There were those who were paid to be there.
And then there was the Nicolas Cage fan club.
For about 15 hours Saturday, film crews set up shop on McKeldin Mall to shoot a scene from the forthcoming National Treasure II: Book of Secrets, the sequel to the 2004 treasure-hunt-come-full-length-suspense starring Cage.
An open casting call mid-March hired 165 extras, mostly university students, for the scene that will beam the university to the silver screen when the movie is released late this year. And the possibility of catching a glimpse of the film’s lead actor reeled in a different crowd of about 200 gawkers who dared battle the day’s near-freezing temperatures and gusts of wind.
“I want to be impregnated by Nicholas Cage!” said Matt Tinsworth, a junior economics major. “He is my God.”
Rumors rippled through the crowd that some people drove from Philadelphia hoping to catch a glimpse of the actor who won the Academy Award for leading role in 1995’s Leaving Las Vegas. But Cage was only by a reporter spotted pacing about, eyes focused forward, not glancing toward the crowd.
Meanwhile, production crew members barked commands at the crowds loitering in the area.
The extras, who were there from about 5 a.m. to 8 p.m., were ordered to loiter, play football or skateboard as background activity. The scene centered around a conversation between the film’s main characters after they visit a linguistics professor at the university.
“No talking!” a production assistant yelled. “No flash photography! Turn off your cell phones!”
Cage, Diane Kruger (Troy), Jon Voight (Mission: Impossible, Deliverance, Runaway Train) and Justin Bartha (Failure to Launch, Gigli) were some of the film’s stars on the campus Saturday. Helen Mirren (The Queen) was not. In the film, Cage plays a treasure hunter looking to unveil the truth behind the assassination of Abraham Lincoln.
And although Cage was hard to get, some managed a picture with some of the other stars.
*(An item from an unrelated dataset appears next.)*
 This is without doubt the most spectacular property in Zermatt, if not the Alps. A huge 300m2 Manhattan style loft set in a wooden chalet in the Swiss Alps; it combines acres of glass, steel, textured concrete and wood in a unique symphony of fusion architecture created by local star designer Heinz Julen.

Tinsworth was one of the lucky ones.
“Voight’s a nice guy,” Tinsworth said after a picture on the mall with the Academy Award-winning actor and father of Angelina Jolie.
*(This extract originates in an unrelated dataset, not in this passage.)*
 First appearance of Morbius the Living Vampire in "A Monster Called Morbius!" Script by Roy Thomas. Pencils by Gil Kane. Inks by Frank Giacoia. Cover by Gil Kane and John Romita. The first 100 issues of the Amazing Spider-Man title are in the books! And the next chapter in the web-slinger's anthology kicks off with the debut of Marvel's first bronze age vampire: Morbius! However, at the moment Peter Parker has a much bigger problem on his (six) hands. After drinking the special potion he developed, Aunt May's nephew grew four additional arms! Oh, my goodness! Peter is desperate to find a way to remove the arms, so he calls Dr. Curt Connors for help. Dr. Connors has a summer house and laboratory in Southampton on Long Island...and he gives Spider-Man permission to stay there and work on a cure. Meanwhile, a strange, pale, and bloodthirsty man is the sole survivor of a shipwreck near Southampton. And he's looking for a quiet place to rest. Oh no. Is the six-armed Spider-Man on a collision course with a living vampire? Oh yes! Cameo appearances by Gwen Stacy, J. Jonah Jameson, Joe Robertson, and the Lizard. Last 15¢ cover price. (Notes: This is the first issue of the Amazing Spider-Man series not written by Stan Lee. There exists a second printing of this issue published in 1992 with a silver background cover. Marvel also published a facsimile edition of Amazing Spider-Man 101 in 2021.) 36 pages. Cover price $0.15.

Michael Singer, the film’s publicist, admitted the production’s first choice for the scene was the University of Virginia. But he said the script was changed so the university will portray itself and won’t be a stand-in for another school.
“It’s an extraordinarily beautiful, picturesque campus,” Singer said.
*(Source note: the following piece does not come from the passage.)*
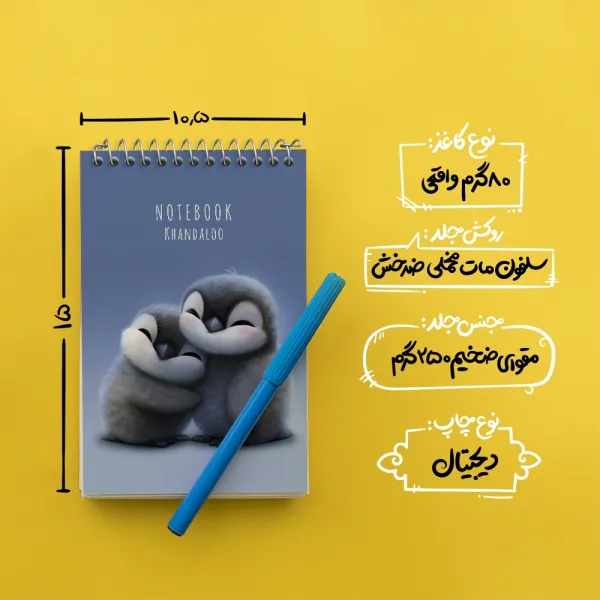 برند خندالو در زمینه تولید انواع دفاتر فانتزی و تحصیلی فعالیت میکند که به دلیل جذابیت ظاهری و طرح های متنوع طرفداران زیادی دارد. دفتر یادداشت خندالو طرح پنگوئن های بامزه محصولی مناسب برای همه عاشقان لوازم التحریر است و همچنین همه کسانی که بنا به موقعیت تحصیل یا شغلشان با دفتر و نوشت افزار زیاد سر و کار دارند. در تولید دفتر یادداشت خندالو طرح پنگوئن های بامزه از نوع صحافی فنر مارپیچ استفاده شده که در این نوع صحافی برگه‌ها به راحتی چرخیده و یا بیرون آورده می شوند.
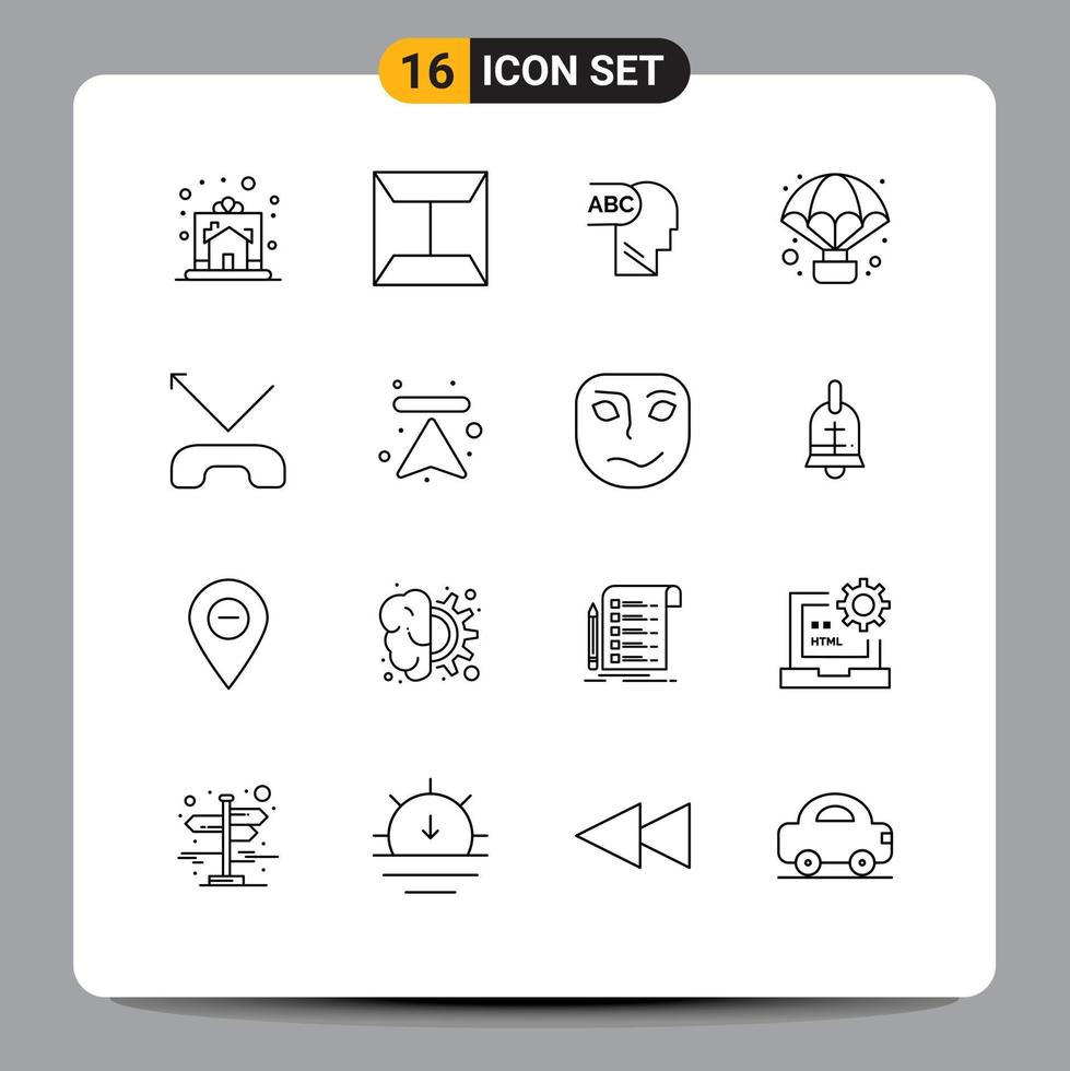 Group of 16 Outlines Signs and Symbols for arrows phone Layer missed observation Editable Vector Design Elements

Yet the setting posed some difficulties because of temperatures dipping to the mid-30s and an overnight dusting of snow before the filming of a scene that was written to take place on a warm, sunny spring day.
Lauren Ford, a freshman government and politics major, said she and other extras were required to dress lightly to fit the scene, despite the actual weather.
“It was pretty cold, but it was so much fun,” Ford said.